Lactoferrin (LF) is a single‐chain, metal‐binding glycoprotein of 77 kDa and is a component of the intrinsic host defense of mammals. It has antibacterial, antifungal, anti‐endotoxin, and antiviral activities. It is an iron‐binding protein and may also mediate some effects of inflammation and have a role in regulating various components of the immune system. LF in milk might play a role in iron absorption and/or excretion in newborns, as well as in promotion of intestinal cell growth. Its level in human milk is about 1 g/liter and in human colostrums, about 7 g/liter. As the levels of LF in cow milk is only about one‐tenth of that in human milk, this has caught the attention of those involved in designing human milk replacement formulas.

Oral feeding of bovine LF (1 mg/ml) led to an increase in the probiotic species bifidobacteria in infant gut (Roberts ). Several such infant formulas are marketed in Japan under brand names such as Hagukumi, Chilmil Ayumi, Non‐Lact, E‐Akachan, GP‐P, and New‐NA‐20‐ Morinaga. The consumption of such formulas may result in anti‐infection, improvement of orogastrointestinal microflora, immunomodulation, anti‐inflammation, and antioxidation (Wakabayashi ).

Researchers (Nuijens ) at the Leiden University (the Netherlands) in collaboration with Pharming, NV (Leiden, the Netherlands) compared recombinant human lactoferrin (rhLF) expressed in the milk of transgenic mice with natural human milk‐derived lactoferrin (hLF). They concluded that the unsaturated rhLF and natural hLF had comparable properties, indicating that hLF produced in bovine milk will exert similar, if not identical, antibacterial and anti‐inflammatory activities in vivo. Pharming also developed the first transgenic bull in the late 1980s and a line of transgenic cows to produce several proteins including hLF (Subramanian, 2004). The company believes that as receptors in the human gut have better affinity to a human protein than a bovine one, the ingredient would be more effective in boosting gut health.

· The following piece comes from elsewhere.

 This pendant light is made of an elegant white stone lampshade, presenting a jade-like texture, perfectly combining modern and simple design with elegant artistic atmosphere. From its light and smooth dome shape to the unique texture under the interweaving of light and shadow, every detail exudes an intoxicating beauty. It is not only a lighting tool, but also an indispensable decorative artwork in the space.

Four lines of transgenic cows that harbor the rhLF were developed (van Berkel ). The milk of these animals had 0.4, 0.8, 2, and 3 g/liter of the rhLF in their milk. These levels of expression remained constant throughout the lactation period of 280 days. The milk volume, cell counts, and proximate composition were not altered by the genetic transformation. The recombinant protein was structurally and functionally comparable to natural hLF and had similar iron binding and release and antibacterial activities. The authors further postulate that with such expression levels and an assumed milk yield of 8000 liters of milk per cow annually, one cow can produce about 24‐kg rhLF in a year. Thus, a herd of a few hundred animals could produce enormous quantities of this biological protein in a year.

Lysozyme

Lysozyme (LZ) is an enzyme that is abundantly present in the mucosal membranes that line the human nasal cavity and tear ducts. It can also be found in high concentration in egg white. LZ destroys bacterial cell walls by hydrolyzing the polysaccharide component of the cell wall. Human milk contains 0.4 g/liter of LZ, an enzyme that contributes to antibacterial activity in human milk.

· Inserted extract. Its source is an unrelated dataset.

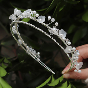 水钻鲜花大皇冠生日蛋糕装饰高亮珍珠新娘饰品头饰发饰...

Active human lysozyme (hLZ) has been produced in the milk of transgenic mice at the concentrations of 0.78 g/liter (Maga ). Milk from these transgenic lines had the same antibacterial activity as human milk LZ. The researchers found a zone of clearance in the gel containing the test organism Micrococcus lysodeikticus and the recombinant protein indicating that the hLZ in the mouse milk was active. On the processing front, the expression of LZ in milk results in the reduction of rennet clotting time and greater gel strength in the clot. In the transgenic line of mice generated by Maga , the milk exhibited a 35% decrease in rennet clotting time, a smaller casein micelle size (157 nm as against 172 nm in the nontransgenic animals) and a 2.5‐ to 3‐fold greater gel strength than control milk. A group of researchers in China also developed two lines of transgenic mice that expressed fully active recombinant hLZ in the mammary gland (Yu ). The antibacterial activity of the LZ from the transgenic lines (480.4 and 301.6 U/ml) was 18 and 11 times greater than that of the nontransgenic mice (25.9 U/ml).

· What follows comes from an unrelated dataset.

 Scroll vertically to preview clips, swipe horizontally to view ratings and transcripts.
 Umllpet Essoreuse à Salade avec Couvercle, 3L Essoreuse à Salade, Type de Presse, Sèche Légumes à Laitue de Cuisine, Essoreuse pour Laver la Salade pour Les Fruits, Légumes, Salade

Maga designed a line of transgenic goats that expressed hLZ in the mammary gland. On characterizing the milk from five transgenic goats of this line, they found that the hLZ content in the milk was 270  μg/ml or 68% of the level found in human milk. Milk from these transgenic animals had a lower somatic cell count, which may influence udder health positively. It also had a shorter rennet clotting time and increased curd strength (17 min and 26.3 Pa, respectively, in the experimental samples as against 20 min and 20.7 Pa in control samples). The aim now is to produce cows that will produce LZ in their milk. Such LZ‐fortified milk has the potential to reduce udder infections in dairy cows and intestinal ailments in humans who drink milk (Bailey, 2001). A double transgenic cow that coexpresses both hLF and hLZ in milk may also reduce the incidence of intramammary infection or mastitis.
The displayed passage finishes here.